Everything in the listing should be copied exactly, save for the pictures.

# Data provided
┄┄┄┄┄┄┄┄┄┄┄┄┄┄┄┄┄┄┄┄

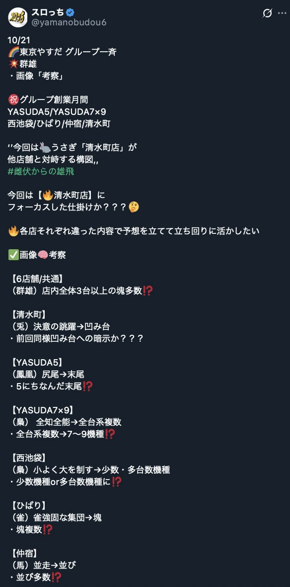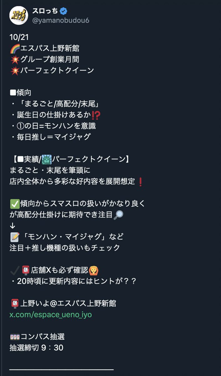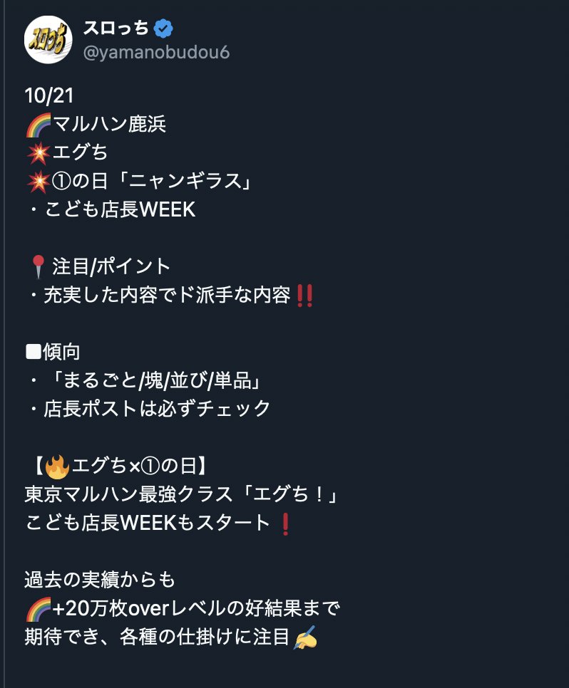 10/21都内マルハン店長ポスト考察🔎
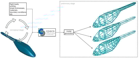 - Schwinn, D.B. Applied parametrized and automated airframe modeling methods in the preliminary design phase. Int. J. Model. Simul. Sci. Comput. 2015, 6, 1550037. [Google Scholar] [CrossRef]
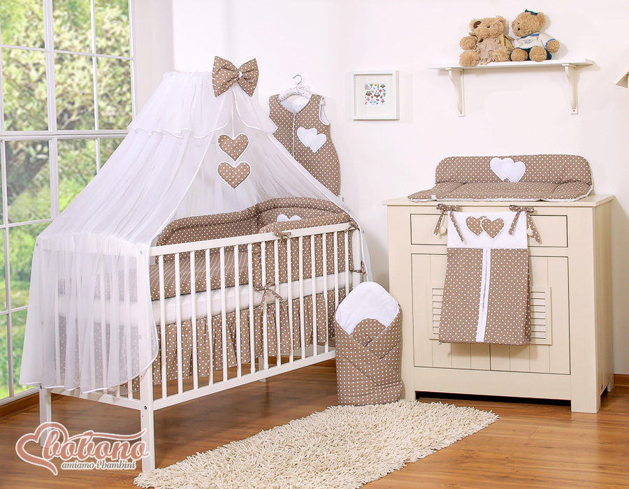 Stubenwagen » Bettwäsche für Babys » Bettwäsche für Babybett HERZEN » Moskitonetz » Babybett Moskitonetz aus Chiffon - Hängende Herzen Braun-Punktemuster

┄┄┄┄┄┄┄┄┄┄┄┄┄┄┄┄┄┄┄┄

# Task result
 10/21都内マルハン店長ポスト考察🔎
 - Schwinn, D.B. Applied parametrized and automated airframe modeling methods in the preliminary design phase. Int. J. Model. Simul. Sci. Comput. 2015, 6, 1550037. [Google Scholar] [CrossRef]
 Stubenwagen » Bettwäsche für Babys » Bettwäsche für Babybett HERZEN » Moskitonetz » Babybett Moskitonetz aus Chiffon - Hängende Herzen Braun-Punktemuster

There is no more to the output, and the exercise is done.